Kimberly Thompson, de la Escuela de Salud Pública de Harvard, afirma que la presencia de ftalatos "en utensilios médicos proporciona importantes características físicas – como la transparencia y la resistencia a curvarse – que son benéficas para los pacientes. Cabe destacar que el equipo independiente presidido por el doctor Koop, en el que también colabora la doctora Thompson, está compuesto por científicos y físicos reconocidos nacional e internacionalmente, y especializados en disciplinas de relevancia, como la pediatría, la toxicología, el metabolismo, la epidemiología, el estudio del riesgo y la medicina.
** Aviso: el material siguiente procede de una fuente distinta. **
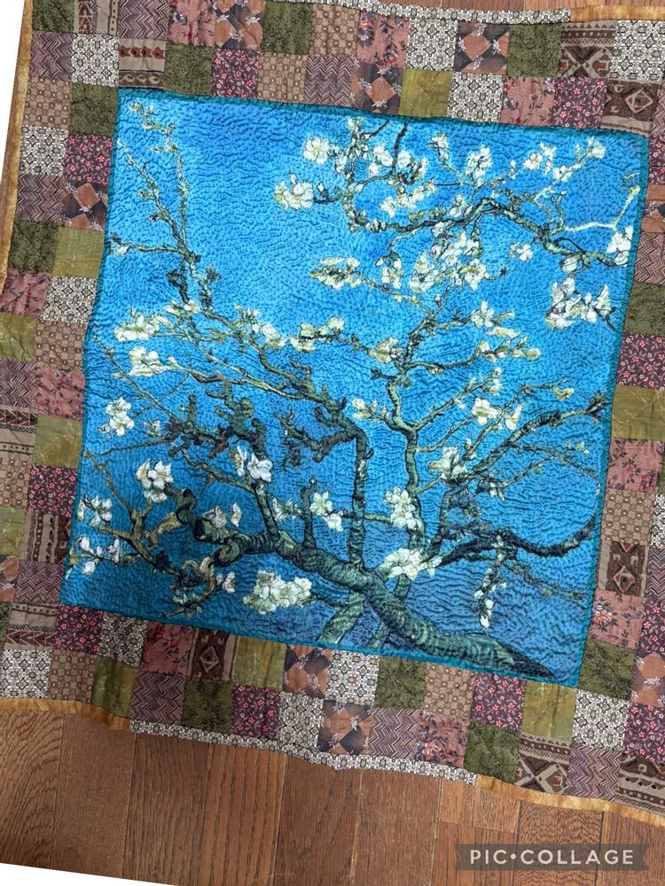 好きな絵です。大判スカーフをパッチワークキルトのマルチカバーにしてみました。時間がかかりましたが、楽しめました💖 嫁入り道具🤭の横長鏡にかけてみようと思います💗

Según Rocher, los ftalatos, "se emplean verdaderamente en grandes cantidades para fabricar el PVC blando, pero las posibles propiedades estrogénicas y carcinogénicas de los ftalatos se evidencian sólo en dosis muy elevadas, es decir, el equivalente a centenares de gramos al día en ratas, pero que no se presentan en primates, sean estos monos o humanos. Si bien el temor reciente a los ftalatos es por su presencia en productos que los niños se llevan a la boca, la experiencia no les a atribuido algún papel causal o adyuvante en alguna enfermedad infantil a la fecha. Rocher, claro, acepta que por tratarse de sus efectos en niños, "debemos ser muy precavidos también en el momento de hacer pronunciamientos públicos, evitando que los medios de comunicación puedan transmitir información que genere una innecesaria alarma social infundada".

Rocher deplora que en nombre de la ecología se estén promoviendo tantos disparates. "El que la ecología sea una ciencia no quiere decir que los ecologistas sean científicos". Tiene razón, pues en realidad es frecuente confundir al ecólogo, que es el científico y estudioso de la ecología, con el ecologista, que es el defensor del medio ambiente, cuyo activismo y buenas intenciones a veces pueden deformarse por su falta de rigor científico al evaluar hechos y datos. Si el PVC fuera sustituido por cualquier otro material, los daños al medio ambiente serían considerables. Algunos ecologistas proponen que se fabriquen tuberías de madera. No hay bosques que toleren el nivel de explotación para abastecer tal demanda. Otros, más conservadores, dicen que hay que sustituir las tuberías de PVC con tubos de cobre u otro metal. Además de ser menos duraderos, la fundición de esos metales genera muchas más dioxinas que la fabricación del PVC. Hay mucho de intereses creados en la campaña contra el PVC. Pero la evidencia a la fecha se inclina a favor de este producto. Al menos, la evidencia científica de primer nivel.